Is Twitter taking back the client market?

In another interesting move post their Chirp developer conference where they assured the development community that Twitter would always be there for them Twitter has launched a new Android client.
So I suppose the first question is, whats it like?
Its really excellent, the landing page is superb and with a bunch of really cool features below but it only works with Android 2.1 which we are told is only 27% of the market.
Turn off the animated background
Filter Notifications
Turn On/Off Vibrate
Sync with your Contacts
Sync with Twitter
Set your Sync intervals
Set Notification ringtones and Trackball light
Set your picture upload service (TwitPic or yfrog)
Set your URL shortening service (Bit.ly ot TinyURL)

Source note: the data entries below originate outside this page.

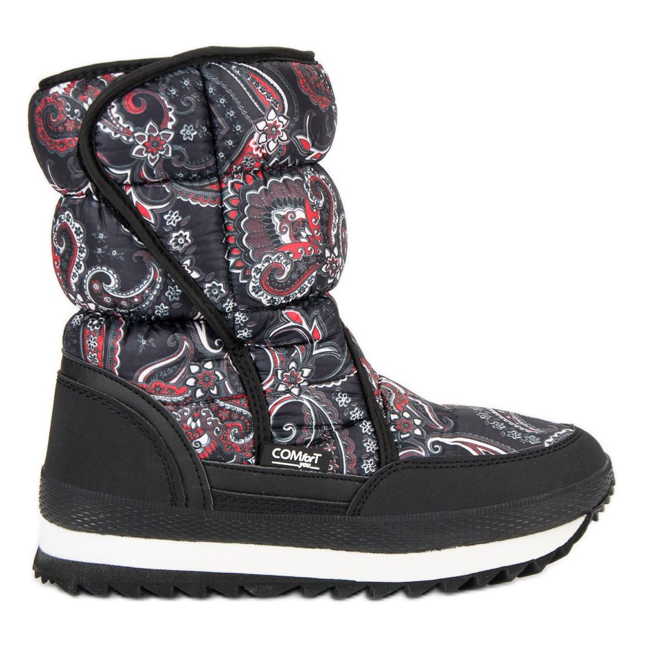 Izrađene od visokokvalitetnog tekstilnog materijala, čizme za snijeg odlikuju se originalnim uzorkom koji spaja klasične boje - crnu, bijelu i crvenu - u atraktivan cvjetni i geometrijski motiv. Zahvaljujući povišenom potplatu visokom do 3 cm i izolaciji od mekanog krzna vaša će stopala biti savršeno zaštićena od hladnoće i vlage, što je posebno važno tijekom dugih zimskih šetnji.
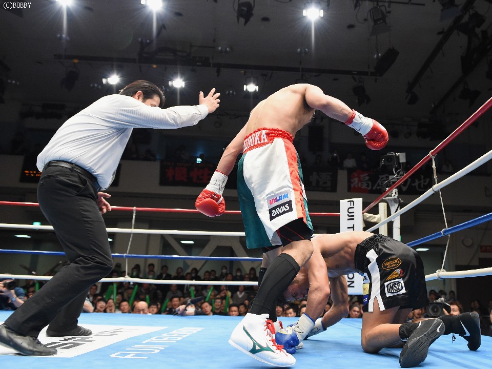 これまでで最高の400人の応援を背に、福原がキレのある動きを見せる。細野の圧力をスウェー、サイドへの移動でかわしては、立て続けに左右を繰り出し序盤のポイントを奪った。しかし、細野が3回にプレスを強めると、4回に強烈な左フックを浴びピンチ。逃げ切れずに左ボディを決められ、ダウンを奪われた。
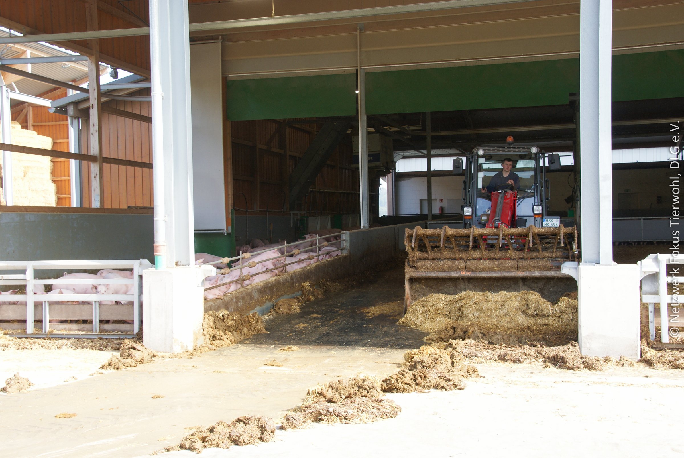 Das Tierwohl steht mehr denn je im Fokus und die Schweinehaltung im Wandel. Organisches Beschäftigungsmaterial gehört nun zum gesetzlichen Standard und strukturelle Entwicklungen führen zu mehr eingestreuten Schweineställen, zunehmend auch mit Ausläufen. Um den vermehrten Einsatz von Einstreu in der Praxis umsetzen zu können, sind auf den Betrieben ausreichend Lagermöglichkeiten für Heu und Stroh, geeignete Entmistungstechniken und auch eine fachgerechte Mistlagerung erforderlich. Dabei sind verschiedene Aspekte zu beachten, um eine gute Qualität von Heu und Stroh zu gewährleisten und Mist umweltgerecht zu lagern. Auch bei der Entmistung sollten verschiedene Punkte beachtet werden, die zum einen den Arbeitsalltag erleichtern und zum anderen die Umwelt schonen. Das Wichtigste hat die AG „Bauen: Sauen und Mast“ des Tierwohl-Kompetenzzentrums Schwein aus dem Netzwerk Fokus Tierwohl zusammengefasst.
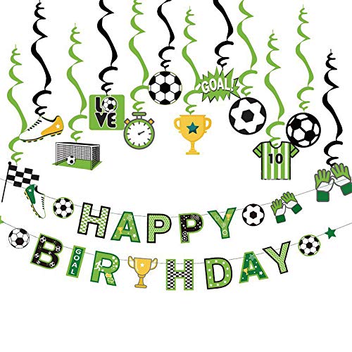 Pacchetto:Ll pacchetto di decorazioni per feste di compleanno di tifosi di calcio per ragazzi include: ghirlanda di striscioni di buon compleanno di calcio, 12 pezzi di decorazione a spirale da appendere a calcio (design di 12 turbinii di calcio) .Decorazioni di compleanno a tema di calcio divertenti e vivaci.

The real cool one for me is the sync feature, I now have my contacts synced with my twitter contacts on The Nexus.
There is a huge issue coming for the developer community though in my opinion, tweetie2 (whats with that new slot machine style handle?) is now owned by twitter so we now have Apple and Android closed off, I think a super smart next move would be to acquire one man band Gravity to cover off the Nokia/Symbian market and close out the complete mobile space.
Next in Twitters sights must be Apple and Windows dedicated versions, then its game over
I have friends in both these markets and I think they may hang onto some users but in the longterm users will switch to the official client in my opinion. Is twitter going to give these clients the same access as their own client to the “firehouse” ?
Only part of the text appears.